====== Material to process ======

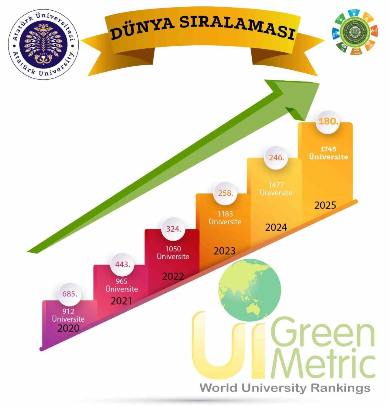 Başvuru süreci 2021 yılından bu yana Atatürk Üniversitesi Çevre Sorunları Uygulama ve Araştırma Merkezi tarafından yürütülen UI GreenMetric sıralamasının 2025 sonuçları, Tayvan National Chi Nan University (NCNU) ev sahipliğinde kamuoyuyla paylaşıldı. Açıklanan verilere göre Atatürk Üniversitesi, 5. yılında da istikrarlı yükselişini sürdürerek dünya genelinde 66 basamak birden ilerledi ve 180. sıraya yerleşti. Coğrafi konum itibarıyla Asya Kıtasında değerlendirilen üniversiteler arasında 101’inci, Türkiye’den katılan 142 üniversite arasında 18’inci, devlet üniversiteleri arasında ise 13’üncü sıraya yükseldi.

======
====== Material to process ======

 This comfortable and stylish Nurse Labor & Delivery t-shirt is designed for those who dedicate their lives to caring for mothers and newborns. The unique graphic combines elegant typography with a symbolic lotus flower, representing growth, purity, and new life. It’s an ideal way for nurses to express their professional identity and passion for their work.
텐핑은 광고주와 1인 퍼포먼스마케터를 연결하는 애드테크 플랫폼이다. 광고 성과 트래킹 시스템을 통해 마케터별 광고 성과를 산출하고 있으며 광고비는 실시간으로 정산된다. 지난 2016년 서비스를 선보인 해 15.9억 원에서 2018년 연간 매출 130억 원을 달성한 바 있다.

======

▶ Task:
Set down, from the entries above, exactly the lines from the one with "This comfortable and" up to and including the one with "텐핑은 광고주와 1인", and no other lines.

▶ Task result:
 This comfortable and stylish Nurse Labor & Delivery t-shirt is designed for those who dedicate their lives to caring for mothers and newborns. The unique graphic combines elegant typography with a symbolic lotus flower, representing growth, purity, and new life. It’s an ideal way for nurses to express their professional identity and passion for their work.
텐핑은 광고주와 1인 퍼포먼스마케터를 연결하는 애드테크 플랫폼이다. 광고 성과 트래킹 시스템을 통해 마케터별 광고 성과를 산출하고 있으며 광고비는 실시간으로 정산된다. 지난 2016년 서비스를 선보인 해 15.9억 원에서 2018년 연간 매출 130억 원을 달성한 바 있다.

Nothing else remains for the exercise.